But you are suppose to be attracted to the inside . Ok that was mean. ....No, it wasn't. If I didn't watch what I eat I would be fat. I was fat. Making fun of ugly people would be mean. Fat people can slim down same as I did. Anyway...

I understand what you are talking about when it comes to the 'marriage minded' I might get married again some day. I might not. I'm sure not looking for a husband. But every man I meet wants to rush into a serious, commited, monagamous relationship. And I'm thinking, "um, maybe we should actually be to a point of having sex before we get into monogamy issues...and why are your dirty socks in my hamper!"
 crazylove

Joined: 7/18/2004
Msg: 240
Online dating is depressing for guys
Posted: 10/21/2004 9:07:48 PM
I feel your frustration. I've been doing the on-line dating thing for something like 4 years now. So far, I'm still doing the on-line dating thing, but now it's just entertainment, fill time between reading and working. I've given up hope. I wish you all the luck in the work though. I'll just work to save a lot of money so my kids will have a really good inheritance when I finally kick the bucket.
 forthebeauty

Joined: 7/14/2004
Msg: 241
Online dating is depressing for guys
Posted: 10/21/2004 10:21:29 PM
dont give up crazy just when u least expect it she will cross ur path.
 CaR

Joined: 8/17/2004
Msg: 242
Online dating is depressing for guys
Posted: 10/27/2004 11:45:26 AM
it's a trip to me

lmao

just pimping now
 WS6TA

Joined: 4/26/2004
Msg: 243
Online dating is depressing for guys
Posted: 10/27/2004 12:53:57 PM
dark moon:

I know what it is like to live in a rural area. Luck for me I could get away from it... Most people in rural areas marry right out of hish school or shortly afterwards. So all that is left on the market is either far too young or losers...

As for conversationalist: I'd have to say yea most are't to well endowed in that department but there are some that will surprise you. Take me for example I can carry out a conversation with the most down home boys there are and enjoy the talk. On the flip side I can discuss the latest news or scentific discoveries in the high society circles. Not to be braging but I have an I.Q. that borders just below the genius level. Nevertheless, if you want an honest answer about which group of people are more upstanding then I'd have to say the rural people out class the High society group by far. I wouldn't waste my time on the high society group they are some of the worst losers that I know of...

In regards to the picture: Yea, I wish I could get a good photo of me? I look so much better than the one's I have posted.
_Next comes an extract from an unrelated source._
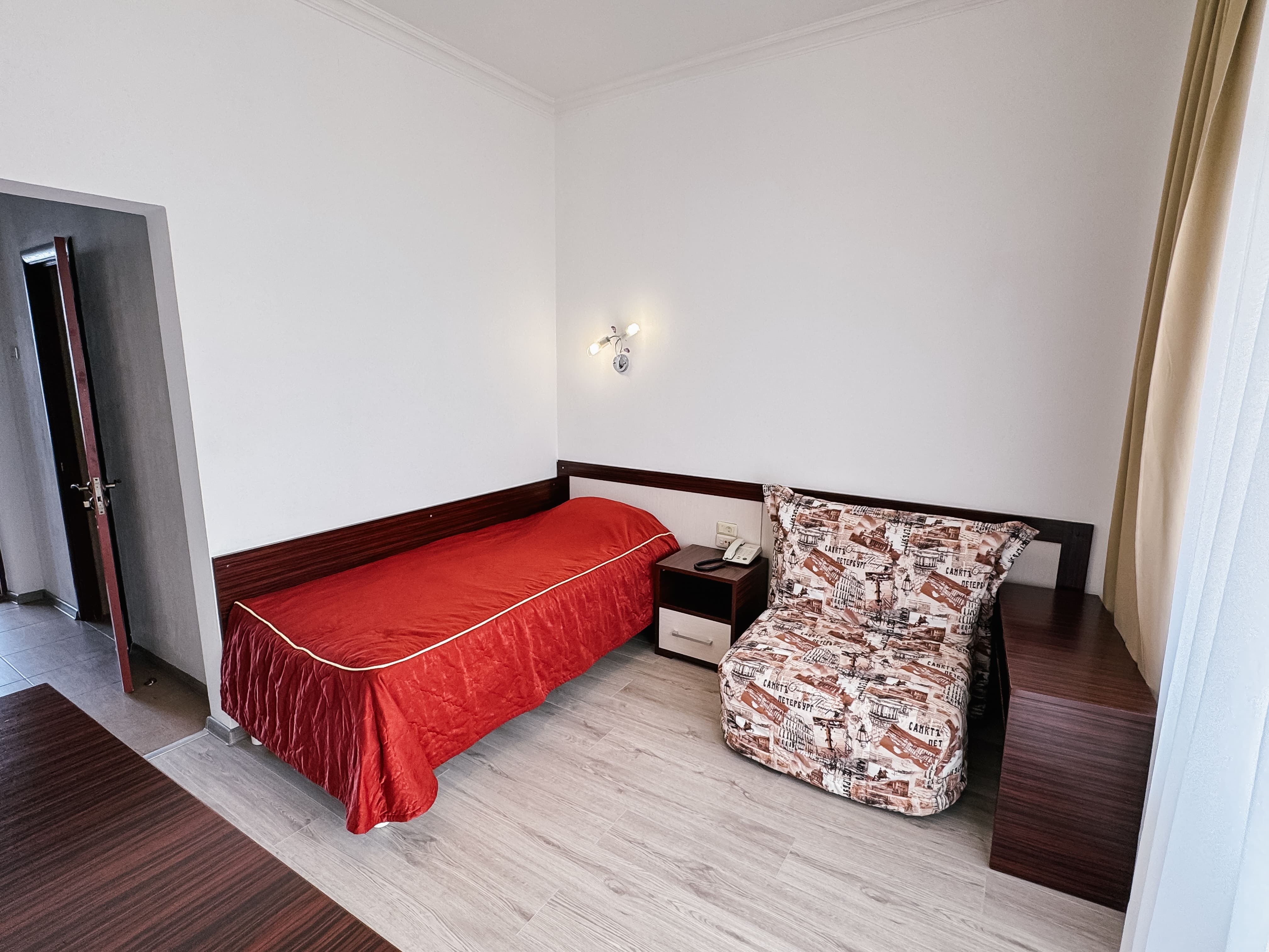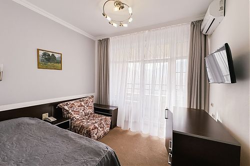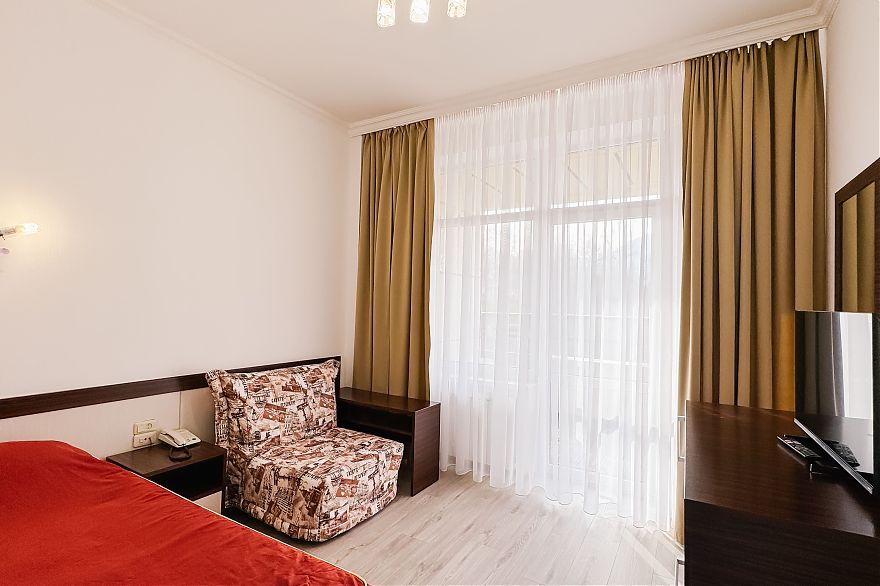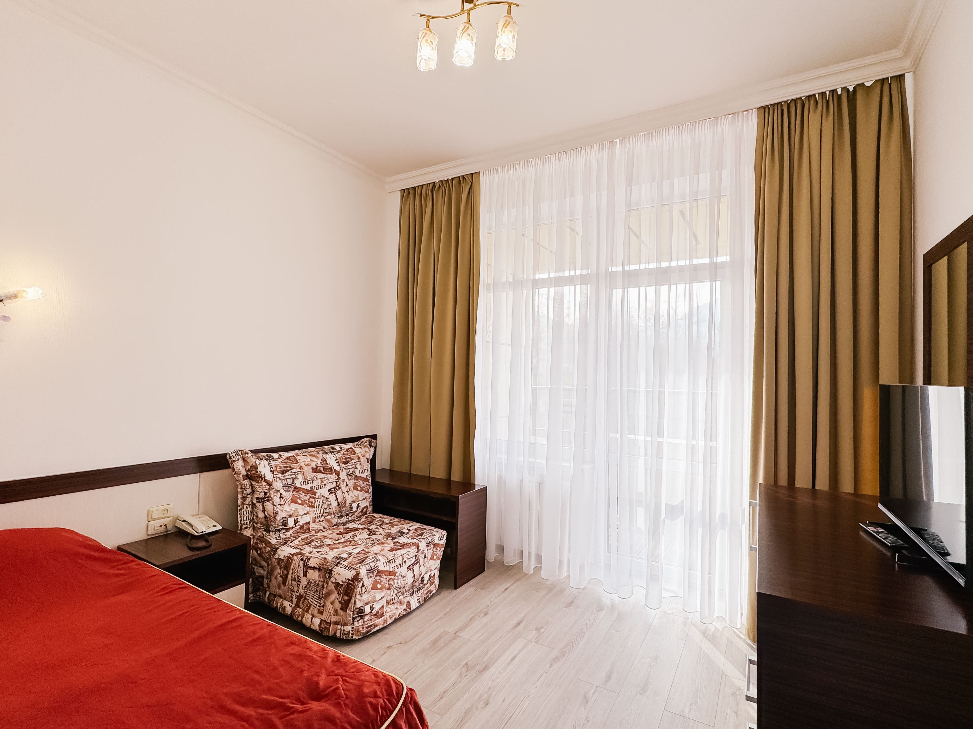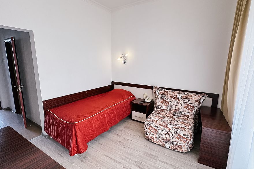 Одноместный номер - номер оборудован всем необходимым для комфортного проживания: удобная мебель, техника, балкон, бесплатный Wi-Fi. Одноместный номер идеально подходит тем, кто ценит личное пространство и предпочитает отдыхать в атмосфере покоя и уюта.
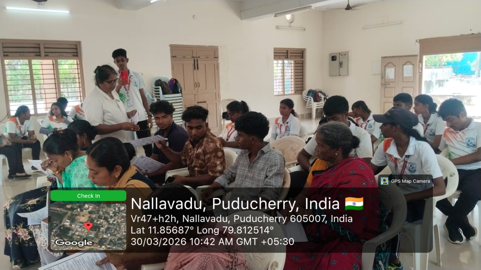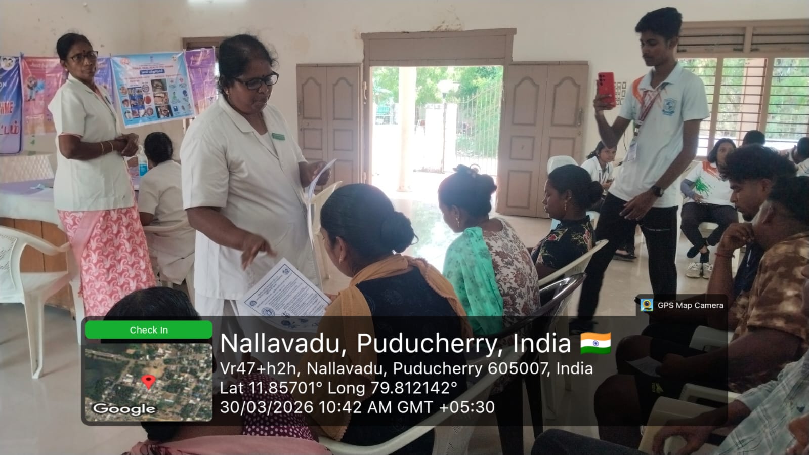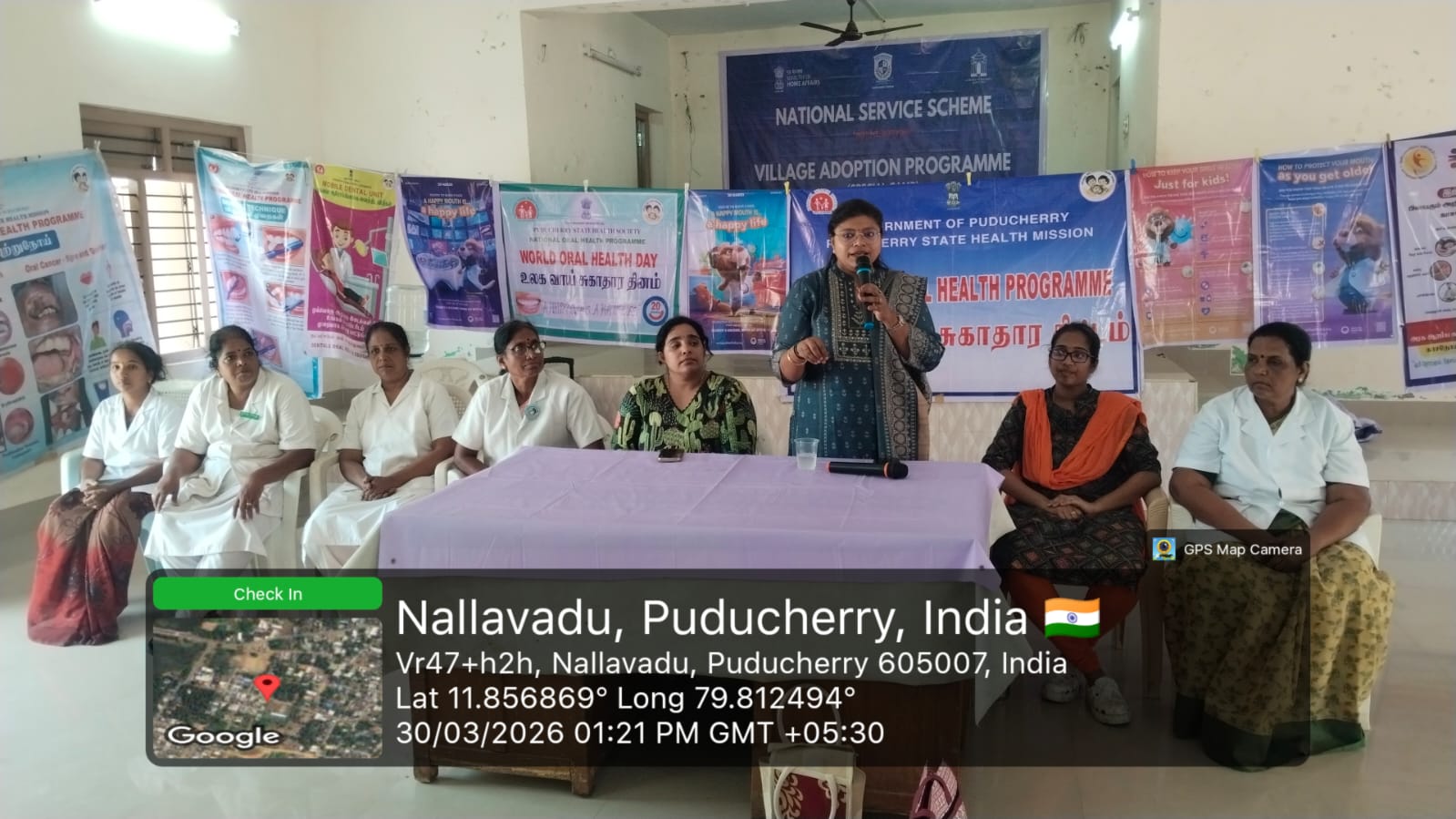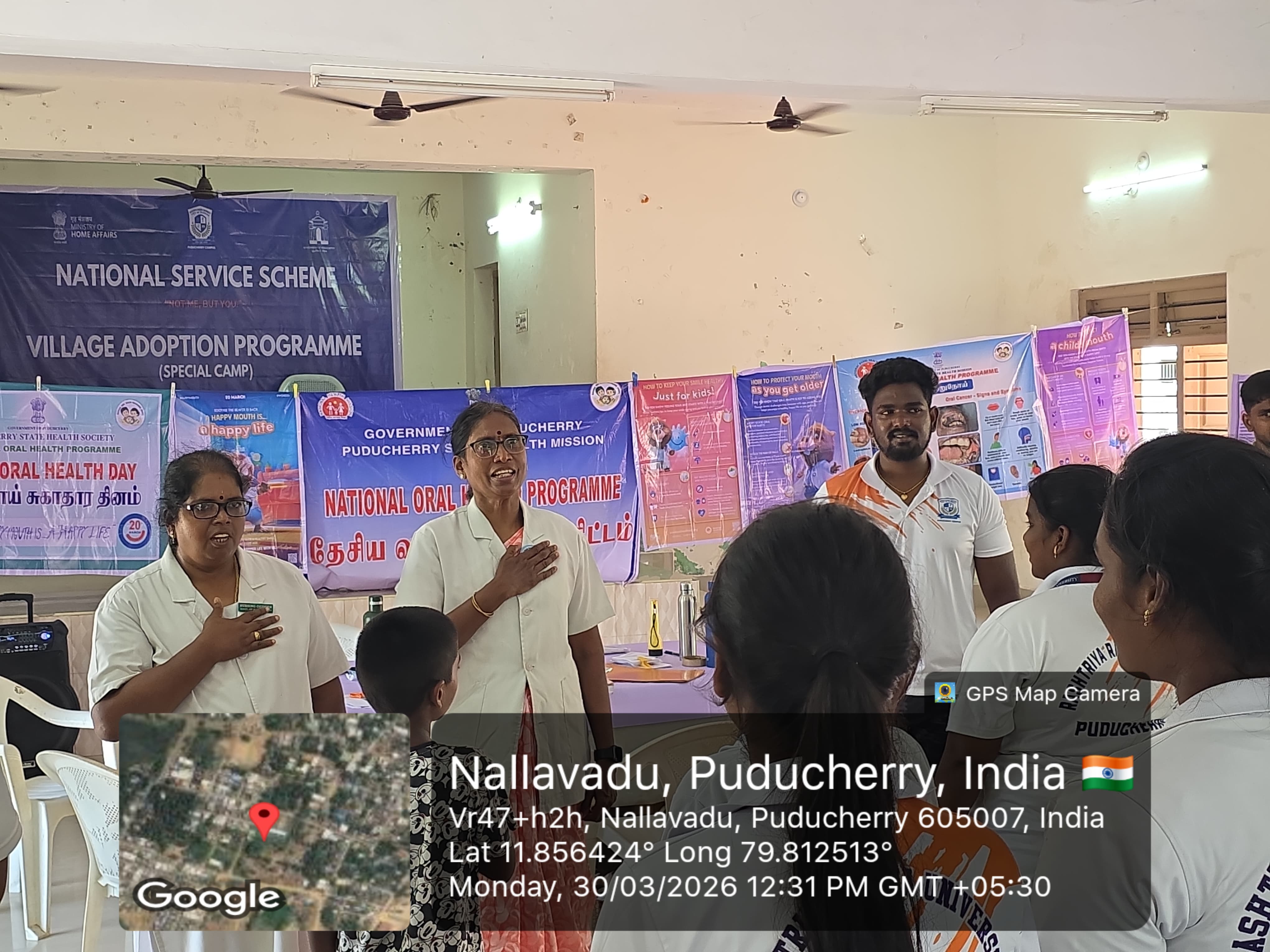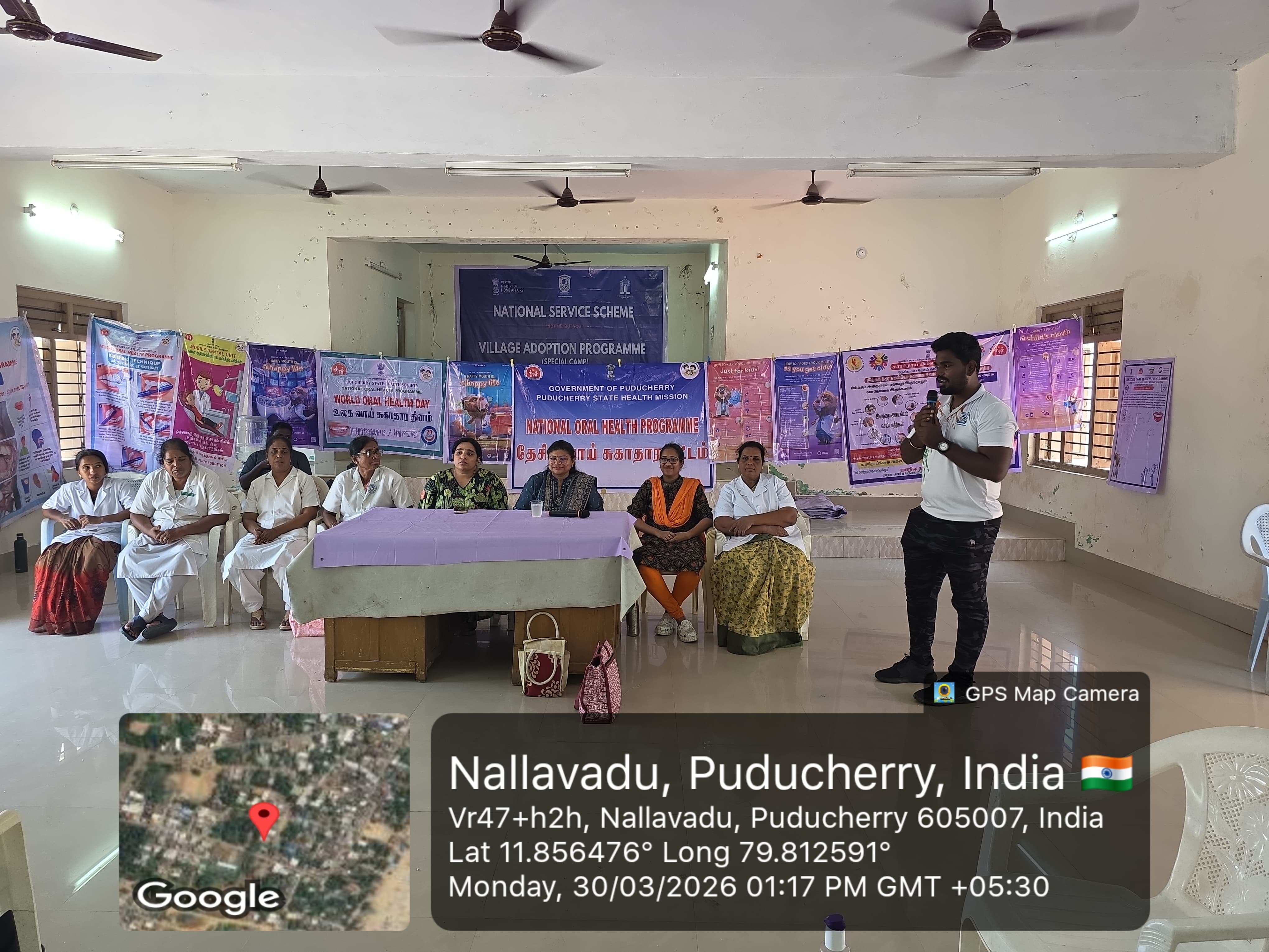 On the occasion of *World Oral Health Day* and the *World TB Day 100 Days Campaign,* a special oral screening and treatment camp was successfully conducted for the general public at the Community Hall, *Nallavadu* , in collaboration with the NSS team of *RR University,* Murungapakkam Campus on 30/03/2026.

I'm not saying I'm a "ten" but I look much better than my photo reveals. Plus there is a magnetic appeal that envelopes me like an vail that seems to get women's attention, that does not show up on film. See me in person and you'll know what I mean? I've dated some really fine looking women in my distant past. That always confused me a great deal never really considered myself that good looking. Especially to attract some of the women I've dated. Plus I've had women leave me simple for the fact that they thought themselves were unable to hold on to me because they felt they wasn't good lucking enough... I swear you women can be so confussing?
 perry grant

Joined: 10/25/2004
Msg: 244
Online dating is depressing for guys
Posted: 10/27/2004 7:04:15 PM

Well.....I've read alot of messages posted on this thread and I have formulated my opinion: I've never really been good at history, but it seems to me that since the beginning of human existence there has been nothing but war, crime, and bad dating experiences. Maybe we should be happy we don't live in the days where women are traded for livestock. Or maybe that would solve the whole frustration of finding a date. Either way you look at it...dating is a complicated game and shouldn't be taken too seriously or else one may go completely mad. All the real people on the internet should just get together and leave the all those synthetic people to their own delirium. That's my opinion...like it or not!
 lovesitbiatch

Joined: 12/5/2005
Msg: 245
Online dating is depressing for guys
Posted: 1/8/2006 1:58:07 PM
It probably is depressing for guys...but definately is for girls too. I'll admit that yes, I am picky, but it's my own preferences...i don't really want to date what society believes is a "hot guy". I have my own preferences..
And talking about depressing, I'm rejected hundreds of times a day...i'm a telemarketer..hahaha
 chadwick2424

Joined: 12/3/2005
Msg: 246
Online dating is depressing for guys
Posted: 1/8/2006 2:16:42 PM
I have heard that if you go and take dance lessons like salsa dancing for example, there are a lot of single women there and very few men. So the men get asked to dance and relationships bloom. So I am going to try that out myself very soon at a salsa dance class and see what happens.
 Rake

Joined: 3/12/2005
Msg: 247
Online dating is depressing for guys
Posted: 1/8/2006 2:26:21 PM
no its not, online dating is the great equalizer....think about it...
 diggydiggy

Joined: 9/11/2005
Msg: 248
Online dating is depressing for guys
Posted: 1/8/2006 2:30:53 PM
@chad - the salsa thing is TRUE! Go for it!
 the spilly

Joined: 12/8/2005
Msg: 249
Online dating is depressing for guys
Posted: 1/8/2006 5:20:35 PM
HHHHMMMM so we should be at the dance studio?????
 Sanna71

Joined: 1/5/2006
Msg: 250
Re: Online dating is depressing for guys
Posted: 1/8/2006 6:41:15 PM
It can be hard. And hes right the ratio is way off. But just keep tryin you will find true love.
Everyone does. Its what you do with it and how you keep your true love interested that makes the diff.